Fiona Clark: Living with AIDS 1988

 Auckland: Michael Lett, 2018. 3vo. Case-bound, blue cloth hardcovers, 110pp (ed. 500).

 

In 1988 Fiona Clark took four volumes of photographs recording elements of the AIDS Epidemic in New Zealand; these photographs were exhibited at the Dowse Art Museum and later acquired by Te Papa Tongarewa. In 2018 Michael Lett published facsimiles of these albums, with an essay by David Herkt and a conversation with the author. The book was a shortlisted finalist in the 2019 Penguin Random House New Zealand Award for Best Illustrated Book, testament to its arresting design. This book would be a beautiful artist edition to my collection, but also provide an alternative lens to the imagery captured by William Yang in his own documentary of the AIDS crisis through his friend Allan.

 

 

THE COLLECTION

 

ADDINSALL, James (ed.)

An Illustrated Guide To The Hanky Code.

 Melbourne: privately printed through Blurb e-publishers, 2018. 16.8 x 17.1cm gloss softcover, 56pp. First Edition. Unnumbered limited edition containing 22 digital illustrations and text.
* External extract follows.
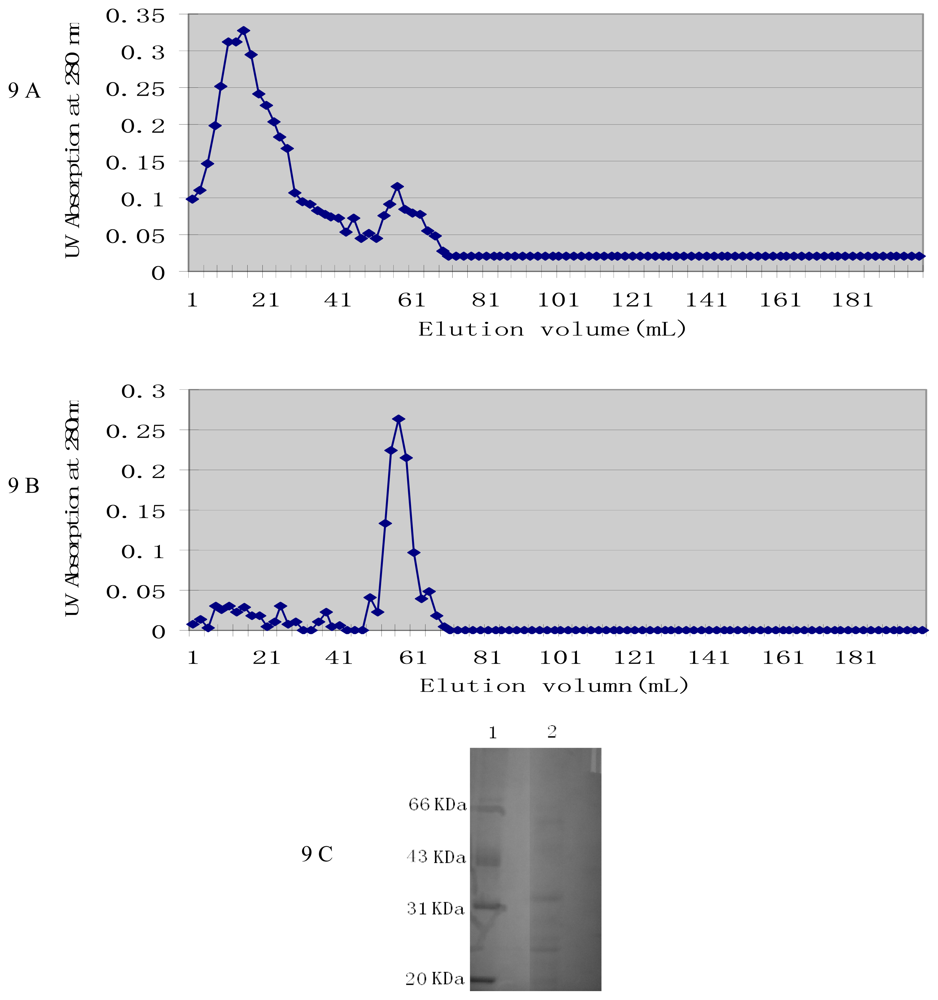 Determination of active components from culture supernatant by chromatography and SDS-PAGE. (A) Ion exchange chromatography on DEAE A-50 column. The column was pre-equilibrated with 50 mM sodium phosphate buffer pH 7.5. Elution was performed with the same buffer for the first 40 mL and then by a gradient of 0.5 M NaCl added to the buffer. Fractions of 2 mL were collected in tubes at a flow rate of 0.4 mL/min. (B) Molecular sieve chromatography on Sephadex G-100 column. The column was pre-equilibrated with 50 mM sodium phosphate buffer pH 7.5 containing 0.2 M NaCl. Proteins were eluted with the same buffer. Fractions of 2 mL were collected in tubes at a flow rate of 0.2 mL/min. (C) SDS-PAGE analysis of AFB1 biotransformation enzyme after purification by chromatography. Lane 1, Calibration marker proteins (Pharmacia LKB), 5 μL/lane; lane 2, peak fractions with AFB1 biotransformation activity from Sephadex G-100 chromatography, 20 μL/lane.

Foreword by Stephen Morgan, Laird Leatherman 2015.

This volume was conceived and developed by James Addinsall during his title year as Laird Leatherman 2017. The book contains 22 artistic interpretations of the colours of the hanky code, alongside which are short quotes and stories from friends of the author. The book contains a list of artists with contact emails and social media handles.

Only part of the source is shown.